Tasha was a dog, a chocolate lab, who had more personality than anybody else I know. It's hard to have a normal thought these days, no one has affected me more than this.
I can see how all this sounds very "westcoast". I realize it and trust me, I know it must seem pretty pathetic.
When I say it out loud to someone, "My dog died", it sounds like a sad story and it's all really too bad; yet, life goes on...
But I can't seem to explain to them that Tasha wasn't my dog, she was a friend and I can't believe she's no longer here with me, sleeping by my feet, under my desk. I feel a little wierd, I haven't told anybody about this physical pain except to write it here.
People ask when I'm going to get another dog.
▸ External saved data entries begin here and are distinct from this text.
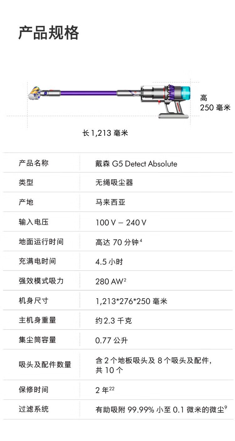 商品名称:戴森(DYSON)G5 Detect Absolute手持无线吸尘器 除螨 宠物 家庭适用
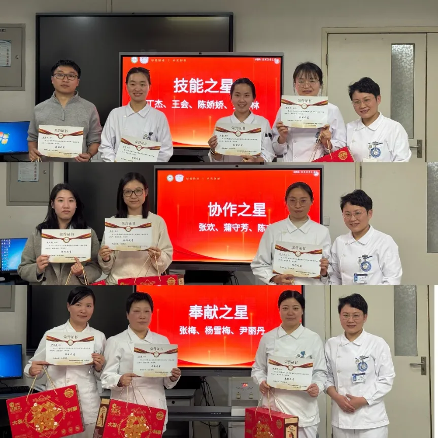 包芸护士长对病房2025年度整体护理工作进行总结。她用具体数据呈现全年工作量,依托多维评价指标体系系统总结工作成效,并围绕临床护理质量、教学能力提升、科研水平发展三大核心维度,对全体护理人员提出殷切期许,明确了2026年工作的重点和方向。会议设置表彰环节。为树立先进标杆、凝聚奋进力量,科室经前期民主评选,推选出“技能之星”“协作之星”“奉献之星”,并现场举行颁奖仪式。
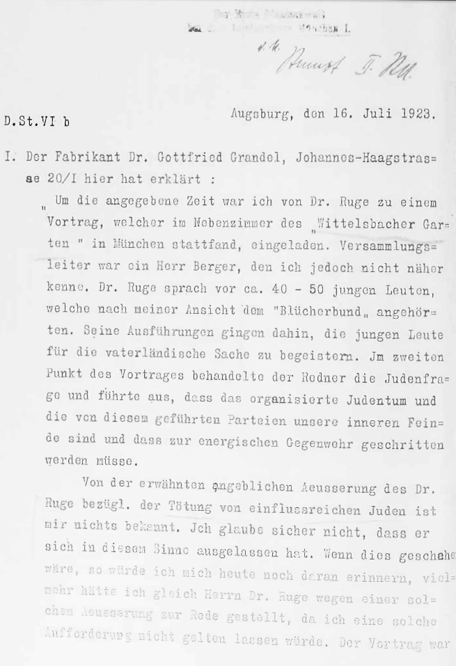 "Ich gehörte bis 1921 der Nationalsoz. Partei an und seit dieser Zeit überhaupt keiner politischen Partei mehr." (LArch Berlin: A Rep. 358-01, Nr.6011, Bl.55 - Prozessakte Thormann-Grandel - Dr. Gottfried Grandels Vernehmungsprotokoll vor dem Augsburger Amtsrichter Herrmann v. 19.1.1924)

It's hard for me to believe they feel comfortable asking such a question. Tasha took over my life and I don't think, or want, another being to do that again.
fcuk, I realize how pathetic this is, seriously, I do.
And I also realize the time heals stuff and the death is a hard lesson... blah blah blah...
I will never forget her eyes as she was put to sleep. They didn't close, they just became dim and vacant. There was no life in there anymore and I felt so alone. I realized how much I depended on her. She was so scared and I couldn't do anything to help but to let her die. I hate myself for that.